Start of Available data
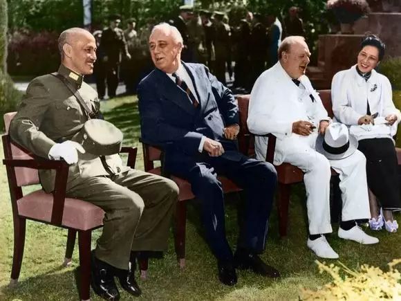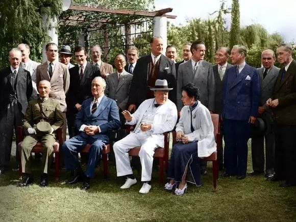 1943年11月25日,中美英三国首脑在开罗会议期间在开罗的米纳饭店外合影。
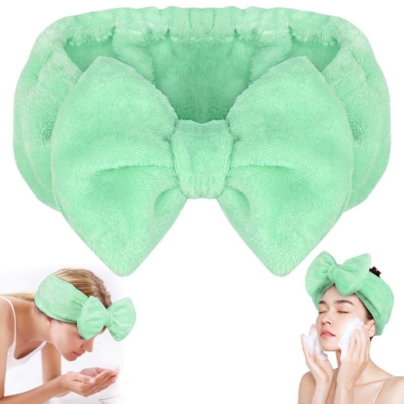 Shintop Makeup Headband, Soft Face Wash Headband with Cute Bow Elastic Spa Headband for Skincare Facial Mask Showers(Light Green)
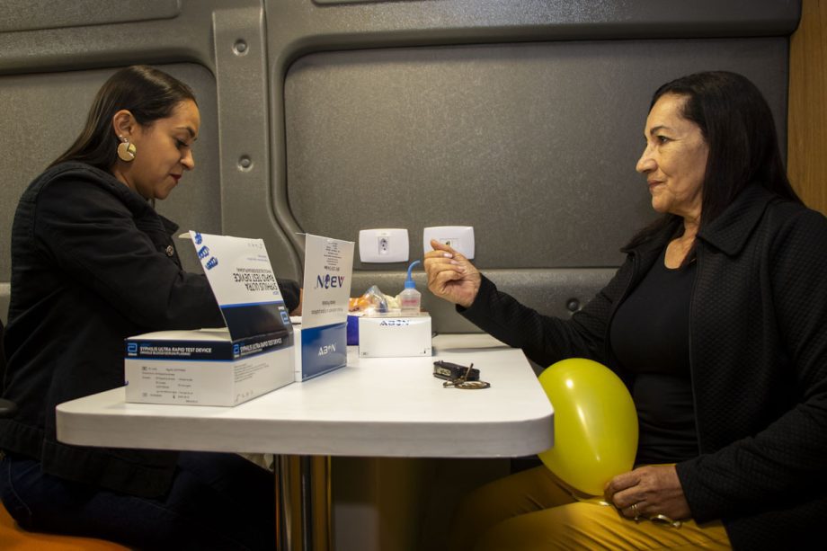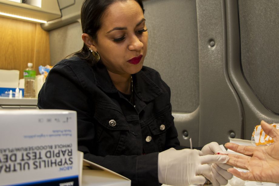 Os profissionais da saúde realizaram teste rápido das Hepatites B e C, HIV e Sífilis, distribuiram de materiais informativos relacionados a essas doenças e preservativos.
End of Available data
Brief:
Repeat the material line for line. Pictures stay out of the copy.

Exercise answer:
 1943年11月25日,中美英三国首脑在开罗会议期间在开罗的米纳饭店外合影。
 Shintop Makeup Headband, Soft Face Wash Headband with Cute Bow Elastic Spa Headband for Skincare Facial Mask Showers(Light Green)
 Os profissionais da saúde realizaram teste rápido das Hepatites B e C, HIV e Sífilis, distribuiram de materiais informativos relacionados a essas doenças e preservativos.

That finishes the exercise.